An equivalent of a constituent of necessary initial reagent component (A.2) is defined for the purposes of this description as the amount of the material containing a total of Avogadro's Number (i.e., 6.02×10 23 ) of atoms of elements selected from the group consisting of Ti, Zr, Hf, B, Al, Si, Ge, and Sn. The ratio of moles of fluoroacid initial reagent component (A.1) to total equivalents of initial reagent component (A.2) in an aqueous composition in which these two initial reagent components chemically interact to produce a necessary component of a composition according to this invention preferably is at least, with increasing preference in the order given, 1.0:1.0, 1.3:1.0, 1.6:1.0, or 1.9:1.0 and independently preferably is not more than, with increasing preference in the order given, 50:1.0, 35:1.0, 20:1.0, 15:1.0, 10:1.0, or 5.0:1.0. If desired, a constituent of this component may be treated on its surface with a silane coupling agent or the like that makes the surface oleophilic.

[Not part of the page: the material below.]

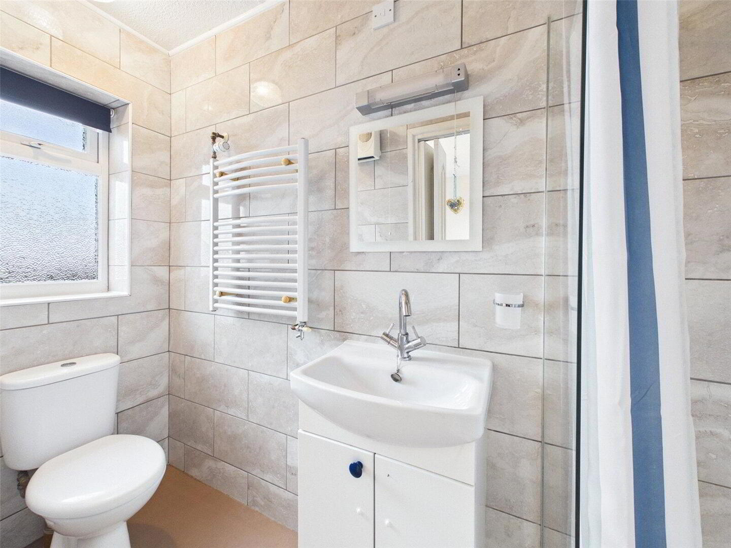 Fitted with a low flush WC, vanity unit with inset wash hand basin, larger shower cubicle with electric "Mira Sport" shower over and heated towel rail. Frosted window to rear elevation. - Bedroom 2

According to a preferred method of preparing the product of chemical interaction between initial reagent components (A.1) and (A.2) that is necessary to this invention, an aqueous liquid composition comprising, preferably consisting essentially of, or more preferably consisting of, water and initial reagent components (A.1) and (A.2) as described above, which composition scatters visible light, is not optically transparent in a thickness of 1 cm, and/or undergoes visually detectable settling of a solid phase if maintained for at least 100 hours at a temperature between its freezing point and 20° C., is maintained at a temperature of at least 21° C., optionally with mechanical agitation, for a sufficient time to produce a composition that (i) does not suffer any visually detectable settling when stored for a period of 100, or more preferably 1000, hours and (ii) is optically transparent in a thickness of 1 cm. Preferably, the temperature at which the initial mixture of components (A.1) and (A.2) is maintained is in the range from 25 to 100° C., or more preferably within the range from 30 to 80° C., and the time that the composition is maintained within the stated temperature range is within the range from 3 to 480, more preferably from 5 to 90, or still more preferably from 10 to 30, minutes (hereinafter often abbreviated as “min”). Shorter times and lower temperatures within these ranges are generally adequate for completion of the needed chemical interaction when initial reagent component (A.2) is selected only from dissolved species and/or dispersed amorphous species without any surface treatment to reduce their hydrophilicity, while longer times and/or higher temperatures within these ranges are likely to be needed if initial reagent component (A.2) includes dispersed solid crystalline materials and/or solids with surfaces treated to reduce their hydrophilicity. With suitable equipment for pressurizing the reaction mixture, even higher temperatures than 100° C. can be used in especially difficult instances.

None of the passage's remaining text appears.